- Parliament of the United Kingdom
- Long title: An Act to provide for payments in certain circumstances in respect of persons in respect of whom selective employment tax has been paid; and for connected purposes.
- Citation: 1966 c. 32
- Territorial extent: England and Wales; Scotland;

Dates
- Royal assent: 9 August 1966
- Commencement: 9 August 1966
- Repealed: 27 July 1972

Other legislation
- Amended by: Theft Act 1968; Civil Aviation Act 1971;
- Repealed by: Finance Act 1972

Status: Repealed

Text of statute as originally enacted

= Selective Employment Tax =

Payroll levy in 1960s Britain

Selective Employment Tax (SET) was a weekly payroll tax in the United Kingdom. It was levied against employers at an initial flat rate of 25s per man, and 12s 6d per woman.

SET was intended to subsidise manufacturing industry from the proceeds of the services industries, to help exports. At the end of each accounting period, manufacturing companies would have their SET payments refunded, along with a 7s 6d bounty or premium per employee (SEP). The premium was withdrawn outside assisted areas (United Kingdom) in 1967, while a Regional Employment Premium was introduced payable at fixed amounts for employees still eligible for SEP.

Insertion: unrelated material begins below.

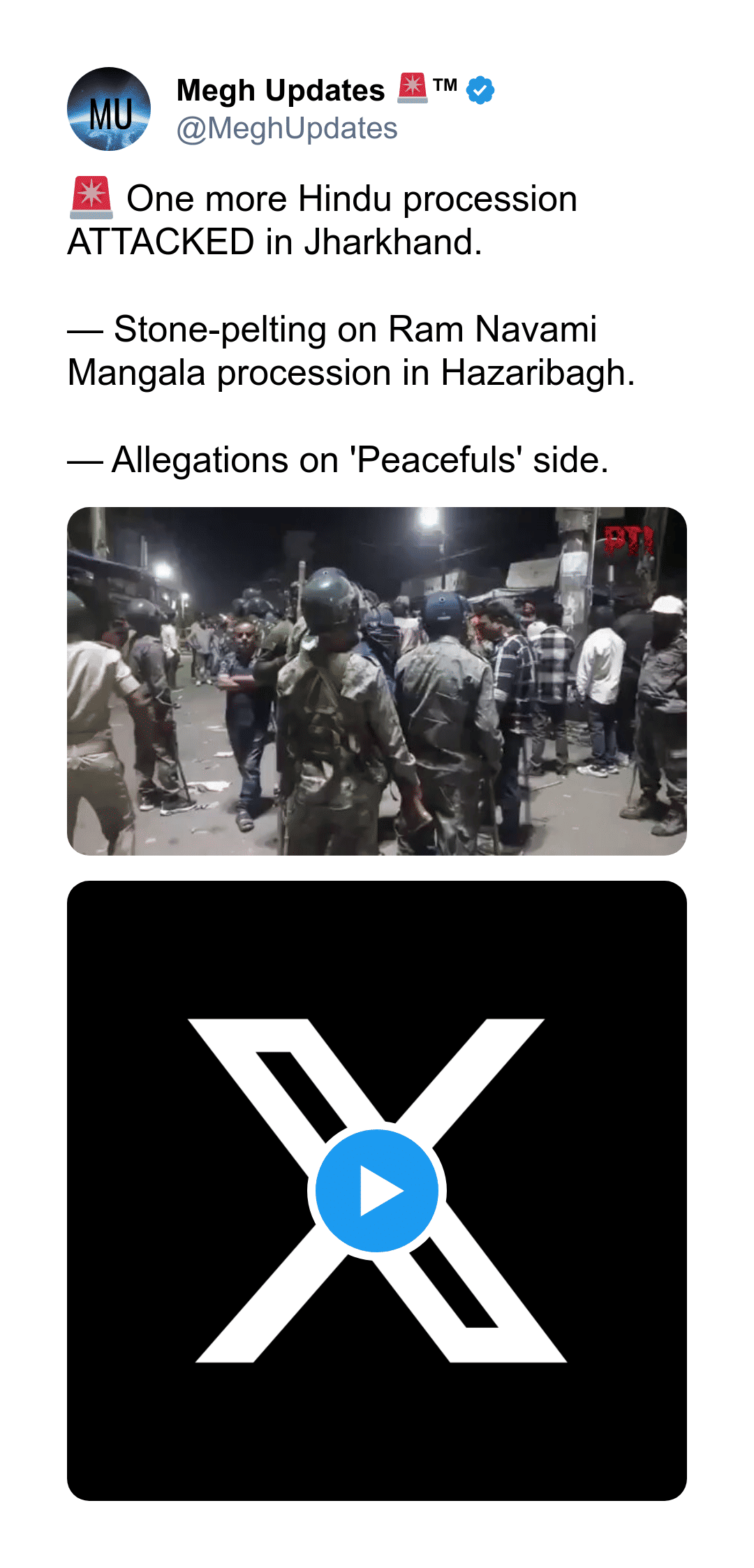stones on Hindus at the Mangala procession for Ram Navami.

SET was designed to be a tax on those companies that did not boost UK exports. High-street bookmakers used the introduction of this tax as a reason to reduce the payout on some each-way bets (where a horse is placed in the first two or three, depending on the number of runners) from a quarter the odds to a fifth the odds. However, the previous, larger payouts were never restored when the tax ended.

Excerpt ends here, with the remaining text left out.